Self-Hosted AI Inference Cluster

Overview
Running local LLMs isn’t a hobby — it’s a production system. This cluster powers everything from agentic coding workflows to personal AI assistance, running entirely on hardware I own with zero cloud dependency.
The core setup: dual NVIDIA RTX 3090s (48GB VRAM combined) running vLLM with tensor parallelism to serve Qwen 3.6 35B. 100K context window, 8 concurrent sequences, and the kind of throughput that actually makes local models usable for real work.
Hardware
- GPU: 2x NVIDIA RTX 3090 (24GB VRAM each, 48GB combined via NVLink)
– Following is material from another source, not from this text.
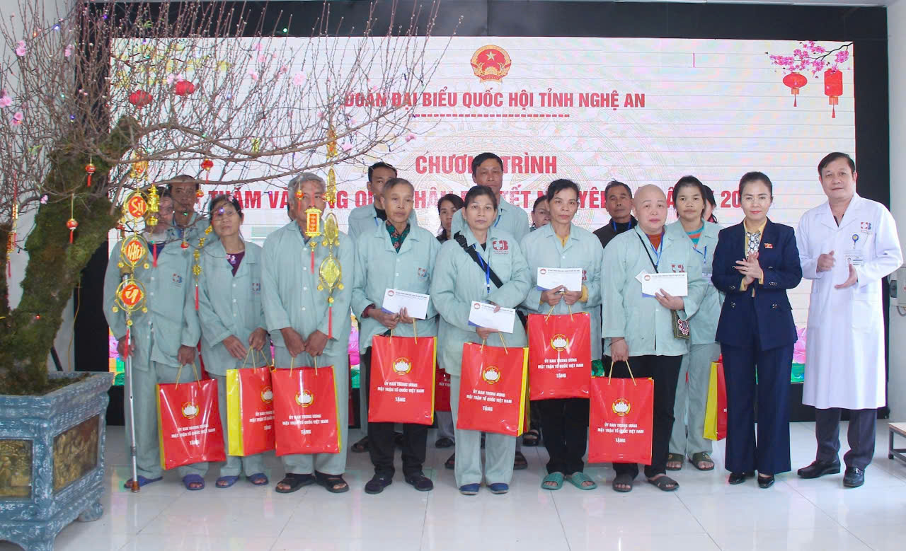Tại Bệnh viện Ung bướu Nghệ An, các đại biểu Quốc hội tỉnh Nghệ An đã trao 200 suất quà cho 200 bệnh nhân nghèo, có hoàn cảnh đặc biệt khó khăn đang điều trị tại bệnh viện; mỗi suất quà 1 triệu đồng tiền mặt và hiện vật trị giá 300 nghìn đồng.

- CPU: AMD Ryzen 9 5950X (16 cores)
- RAM: 128GB DDR4
- Storage: NVMe for model weights and cache
Software Stack
- Inference: vLLM with tensor parallelism
- Model: Qwen 3.6 35B (quantized)
- Orchestration: Docker containers
- API: OpenAI-compatible endpoint
- Context: 100K token context window
What It Powers
- Agentic coding workflows (this conversation, for example)
- Code review and analysis
- Research and documentation assistance
- Personal AI tasks across the household
- Model evaluation and benchmarking
Why Self-Hosted
Privacy, cost, and control. Every API call to a cloud LLM is a data leak waiting to happen. Every token costs money. Every rate limit is a deadline on your productivity. Self-hosted means your AI works when you need it, handles whatever you throw at it, and never charges per token.
The initial hardware investment pays for itself in a few months compared to equivalent cloud API usage. After that, it’s just electricity.